The Department of Finance assured the public that the government has sufficient funds to support relief and rehabilitation efforts in areas affected by Typhoon Kristine.
“Rest assured, we have adequate funds in the National Treasury to quickly deliver more critical services and fund post-disaster emergency response, recovery, and reconstruction efforts,” Finance Secretary Ralph Recto said over the weekend.
Recto said the government is doing its best to raise revenues and help communities recover from the impact of the typhoon.
“Together, we will quickly rebuild and regain what we have lost. And to prevent damage moving forward, we will further strengthen the capacity of our LGUs to improve their respective disaster preparedness and response efforts,” he said.
Under the General Appropriations Act (GAA) Act of 2024, the national government has funds available under the National Disaster Risk Reduction and Management Fund (NDRRMF) and the Quick Response Fund (QRF) to provide various disaster relief operations.
These funds are meant for the reconstruction, rehabilitation or repair of damaged roads, bridges and buildings, after every calamity.
The funds will also be used to deliver the immediate needs of affected communities through the provision of food packs, first aid and medicines, temporary shelters, emergency needs and other necessities.
The DOF said among the additional funds that the government could readily tap are unprogrammed funds; the $500-million standby credit line, a Rapid Response Option (RRO) facility and several contingent emergency response components from the World Bank; and a post-disaster standby financing from Japan.

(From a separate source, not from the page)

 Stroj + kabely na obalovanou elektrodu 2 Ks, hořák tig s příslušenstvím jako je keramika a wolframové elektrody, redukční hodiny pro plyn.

These funds will be immediately withdrawn and released once the national government decides to access them.
As part of the country’s Disaster Risk Finance strategy, the Bureau of the Treasury (BTr) is also ready to file a claim under the National Indemnity Insurance Program (NIIP) for the repair and rehabilitation of public schools damaged by Typhoon Kristine.

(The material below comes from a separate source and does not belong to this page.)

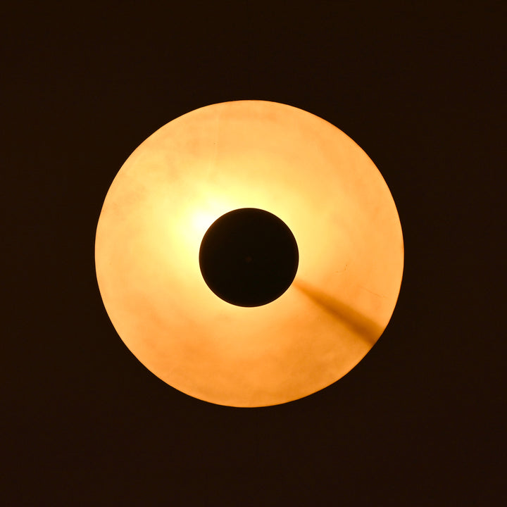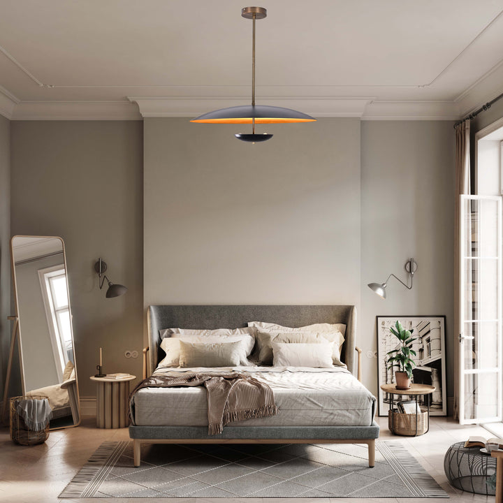 This chandelier showcases a refined structure with a central brass rod supporting two carefully spaced discs that create a balanced, floating appearance. The upper and lower discs are strategically positioned to reflect and diffuse light, enhancing the visual impact without glare. Measuring 24 inches wide and dropping 28 inches from the ceiling, it offers perfect proportions for medium to large spaces. In a dark room, the chandelier casts a warm, atmospheric glow that softly washes the ceiling and walls, adding depth and character. Designed for spaces like dining rooms, living rooms, or stylish entryways, it combines striking aesthetics with functional ambient lighting.

The DOF said it would continue to capacitate LGUs’ disaster preparedness and response efforts as well as climate adaptation initiatives through the People’s Survival Fund (PSF).
Through the Bureau of Local Government Finance (BLGF), it will also push for more micro-insurance coverage for the vulnerable populations of the LGUs in the corridor of natural calamities year in and year out.
Meanwhile, The Bureau of Internal Revenue (BIR) said it extended the deadline until Oct. 31, 2024 for the payments and submission of other reportorial requirements in selected regional district offices (RDOs) to support taxpayers severely affected by the typhoon.
The Bureau of Customs (BOC) is also in the process of assessing its inventory of forfeited goods, food and agricultural products that are safe for donation to typhoon victims.
The Social Security System (SSS) and the Government Service Insurance System (GSIS) are extending financial assistance to typhoon-stricken Filipinos through their calamity and emergency loans.
The Land Bank of the Philippines will also facilitate quick access to salary loans for employees of government agencies and private companies with LandBank payrolls.
It will also provide financial support to cooperatives; micro, small, and medium enterprises (MSMEs); corporations, and electric distribution utilities for immediate working capital and disaster recovery.